Open alexcrichton opened 4 years ago
Ok I've confirmed that our intention is to compile LLVM with clang-cl.exe
, but due to bugs in CI configuration that actually isn't happening. I'll look to fix that!
FWIW Clang can also be used for MinGW but it will require few tweaks.
Ok I've done a slightly more scientific test. I spun up two instance on AWS, one Ubuntu and one Windows. They're both using AMD EPYC 7571 cpus, 4 cores (virtualize). Naturally AWS is very noisy, but the hope is to get a baseline measurement between Windows/Ubuntu which at least gets the differences in CPU out of the way.
Again compiling the wast
crate I got ~13s on Ubuntu and ~18s on Windows, again a pretty large discrepancy. That was using rust-lang/rust@50f8aadd746ebc929a752e5ffb133936ee75c52f.

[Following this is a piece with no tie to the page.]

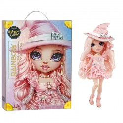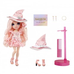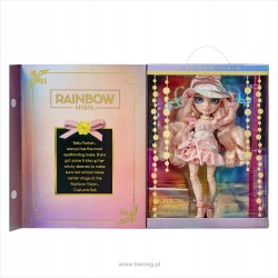Bella Parker zawsze ma najbardziej czarowny look. Na bal przebierańców Rainbow Vision przygotowała olśniewający kostium czarownicy. Zrobi wszystko, by jej szkoła wyróżniała się na tej imprezie! Uwielbia fotografię i ma świetny gust. Modna lalka Bella ma na sobie krótką różową sukienkę z falbankami i błyszczącymi cekinami. Jasnoróżowe włosy zakręciła w stylowe loki, a na głowę nałożyła kapelusz wiedźmy z dużą srebrną sprzączką i opalizującym rantem. Różowe szpilki sparowała z koronkowymi skarpetkami.

Using a Windows compiler produced from https://github.com/rust-lang/rust/pull/66194 I get ~17s, so while compiling with Clang instead of cl.exe
is a modest improvement, it doesn't explain the remaining 4 ish seconds of compile time difference. The next thing to check is probably ThinLTO because we enable that on Linux, but we don't enable it anywhere else.
@alexcrichton how feasible is it to measure user
(spent doing work) and system
(spent waiting on syscalls) time in seconds for Linux and Windows?
GetProcessTimes
provides both the kernel and user times so it is very feasible to do it on Windows at least.
Maybe shell32 is the reason here (or similar lib). Even thought Rust avoids them at all costs LLVM still links it because it won't build without.
Another potential culprit is Windows Defender scanning the new files as they are produced. Try adding an exclusion for the entire build folder.
The shell32
issue just caused process load times to increase, which is noticeable for short running processes. It would not affect the speed at which LLVM generates code.
@nagisa 98.962% of the time is spent in user mode, so I don't think this is a kernel difference thing. @mati865 as mentioned while possible that's historically only related to startu ptime. @ojeda given that rustc creates very few files, I suspect that is not the issue.
I wonder if the use of jemalloc on Linux but not MSVC could explain some of the difference?
Can someone take a look at this issue? Rust compilation on github actions is significantly longer than linux and macOS.
While it's generally assumed that build systems on Windows are slower than build systems on Linux, I'm seeing a discrepancy of up to nearly 2x differences in compile times per crate on a Windows machine vs a Linux machine. These are personal machines I work on and they're not exactly equivalent machines, but I'm pretty surprised about the 2x differences I'm seeing here and wanted to open an issue to see if we can investigate to get to the bottom of what's going on.
The specifications of the machines I have are:
I don't really know a ton about Intel CPUs, so I'm not actually sure if these are expected where the i9 is 2x faster than the i7. I wanted to write down some details though to see if others have thoughts. All Cargo commands were executed with
-j4
to ensure that neither machine had an unfair parallelism advantage, and also to ideally isolate the effect of hyperthreads.I started out by building https://github.com/cranestation/wasmtime/tree/ab3cd945bc2f4626a2fae8eabf6c7108973ce1a5, and the full
-Ztimings
graph I got was:For the same project and the same compiler commit the Windows build is nearly 70% slower! I don't think that my CPUs have a 70% performance difference between them, and I don't have a perfect test environment for this, but 70% feels like a huge performance discrepancy between Linux and Windows.
Glancing at the slow building crates (use the "min unit time" slider to see them more easily) I'm seeing that almost all crates are 2x slower on Windows than on Linux. This doesn't look like a "chalk it up to windows being slow" issue, but this is where I started thinking that this was more likely to be a bug somewhere in rustc and/or LLVM.
Next up I wanted to try out
-Z self-profile
on a particular crate. One I wrote recently was thewast
crate, which took 13.76s on Linux and 23.05s on Windows. I dug in a bit more building just that crate at https://github.com/alexcrichton/wat/tree/2288911124001d30de0a68e284db9ab010495536/crates/wast.Here sure enough, the command
cargo +nightly build --release -p wast -j4
has a huge discrepancy:Next up I tried
-Z self-profile
and usingmeasurme
I ransummarize diff
and got this output, notably:For whatever reason, it appears that LLVM is massively slower on Windows than it is on Linux.
It was at this point that I decided to write up the issue here and get this all down in a report. I suspect that this is either a build system problem with Windows or it's a compiler problem. We're using Clang on Linux but we're not using Clang on Windows yet, so it may be time to make the transition!